▶ **ASSIGNMENT**:
I'd like the entries repeated exactly, pictures omitted.

----- RECORDS FOR THE TASK -----

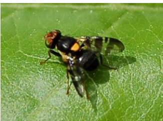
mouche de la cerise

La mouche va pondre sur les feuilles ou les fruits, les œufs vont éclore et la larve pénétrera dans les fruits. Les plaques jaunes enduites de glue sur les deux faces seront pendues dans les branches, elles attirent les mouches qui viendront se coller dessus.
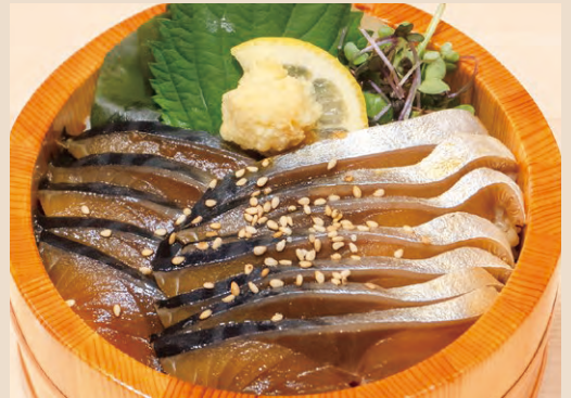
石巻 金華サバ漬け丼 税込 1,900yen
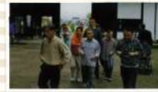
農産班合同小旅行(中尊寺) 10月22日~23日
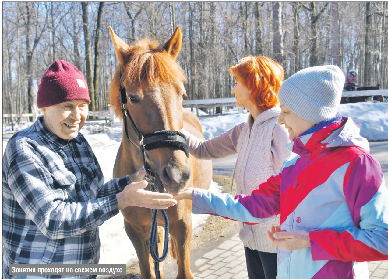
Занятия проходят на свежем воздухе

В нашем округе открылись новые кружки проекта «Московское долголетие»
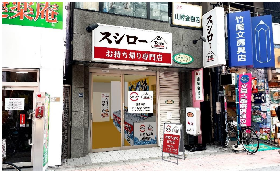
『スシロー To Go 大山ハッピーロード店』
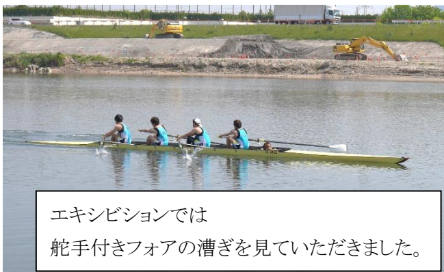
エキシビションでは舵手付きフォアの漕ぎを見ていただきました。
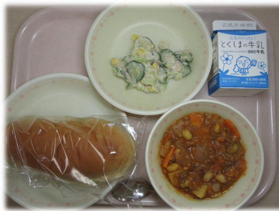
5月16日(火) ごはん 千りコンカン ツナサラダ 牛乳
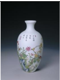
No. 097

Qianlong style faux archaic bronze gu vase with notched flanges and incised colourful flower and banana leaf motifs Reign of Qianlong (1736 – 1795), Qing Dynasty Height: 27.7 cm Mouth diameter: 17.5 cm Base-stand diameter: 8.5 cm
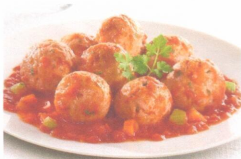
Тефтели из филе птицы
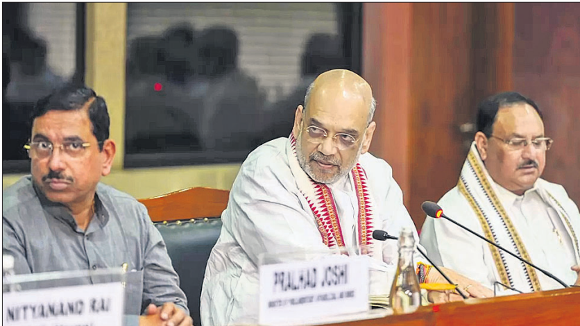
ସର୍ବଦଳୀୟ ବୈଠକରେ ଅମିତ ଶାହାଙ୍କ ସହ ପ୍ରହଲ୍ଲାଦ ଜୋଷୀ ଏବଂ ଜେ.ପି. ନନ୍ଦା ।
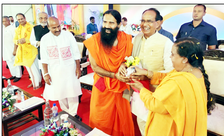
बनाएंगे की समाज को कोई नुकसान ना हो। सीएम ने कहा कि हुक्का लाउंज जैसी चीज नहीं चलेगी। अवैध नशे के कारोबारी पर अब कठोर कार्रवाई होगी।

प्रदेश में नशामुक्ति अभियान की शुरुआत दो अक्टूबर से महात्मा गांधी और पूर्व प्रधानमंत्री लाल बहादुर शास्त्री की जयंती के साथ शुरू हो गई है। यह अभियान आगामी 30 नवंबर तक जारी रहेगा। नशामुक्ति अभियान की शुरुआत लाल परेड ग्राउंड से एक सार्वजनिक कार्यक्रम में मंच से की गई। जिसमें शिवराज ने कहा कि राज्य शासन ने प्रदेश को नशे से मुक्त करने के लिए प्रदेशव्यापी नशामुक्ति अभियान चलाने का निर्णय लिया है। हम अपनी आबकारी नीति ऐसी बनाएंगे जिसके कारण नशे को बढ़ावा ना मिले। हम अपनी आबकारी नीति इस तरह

-----

▶ **TASK OUTPUT**:
mouche de la cerise

La mouche va pondre sur les feuilles ou les fruits, les œufs vont éclore et la larve pénétrera dans les fruits. Les plaques jaunes enduites de glue sur les deux faces seront pendues dans les branches, elles attirent les mouches qui viendront se coller dessus.
石巻 金華サバ漬け丼 税込 1,900yen
農産班合同小旅行(中尊寺) 10月22日~23日
Занятия проходят на свежем воздухе

В нашем округе открылись новые кружки проекта «Московское долголетие»
『スシロー To Go 大山ハッピーロード店』
エキシビションでは舵手付きフォアの漕ぎを見ていただきました。
5月16日(火) ごはん 千りコンカン ツナサラダ 牛乳
No. 097

Qianlong style faux archaic bronze gu vase with notched flanges and incised colourful flower and banana leaf motifs Reign of Qianlong (1736 – 1795), Qing Dynasty Height: 27.7 cm Mouth diameter: 17.5 cm Base-stand diameter: 8.5 cm
Тефтели из филе птицы
ସର୍ବଦଳୀୟ ବୈଠକରେ ଅମିତ ଶାହାଙ୍କ ସହ ପ୍ରହଲ୍ଲାଦ ଜୋଷୀ ଏବଂ ଜେ.ପି. ନନ୍ଦା ।
बनाएंगे की समाज को कोई नुकसान ना हो। सीएम ने कहा कि हुक्का लाउंज जैसी चीज नहीं चलेगी। अवैध नशे के कारोबारी पर अब कठोर कार्रवाई होगी।

प्रदेश में नशामुक्ति अभियान की शुरुआत दो अक्टूबर से महात्मा गांधी और पूर्व प्रधानमंत्री लाल बहादुर शास्त्री की जयंती के साथ शुरू हो गई है। यह अभियान आगामी 30 नवंबर तक जारी रहेगा। नशामुक्ति अभियान की शुरुआत लाल परेड ग्राउंड से एक सार्वजनिक कार्यक्रम में मंच से की गई। जिसमें शिवराज ने कहा कि राज्य शासन ने प्रदेश को नशे से मुक्त करने के लिए प्रदेशव्यापी नशामुक्ति अभियान चलाने का निर्णय लिया है। हम अपनी आबकारी नीति ऐसी बनाएंगे जिसके कारण नशे को बढ़ावा ना मिले। हम अपनी आबकारी नीति इस तरह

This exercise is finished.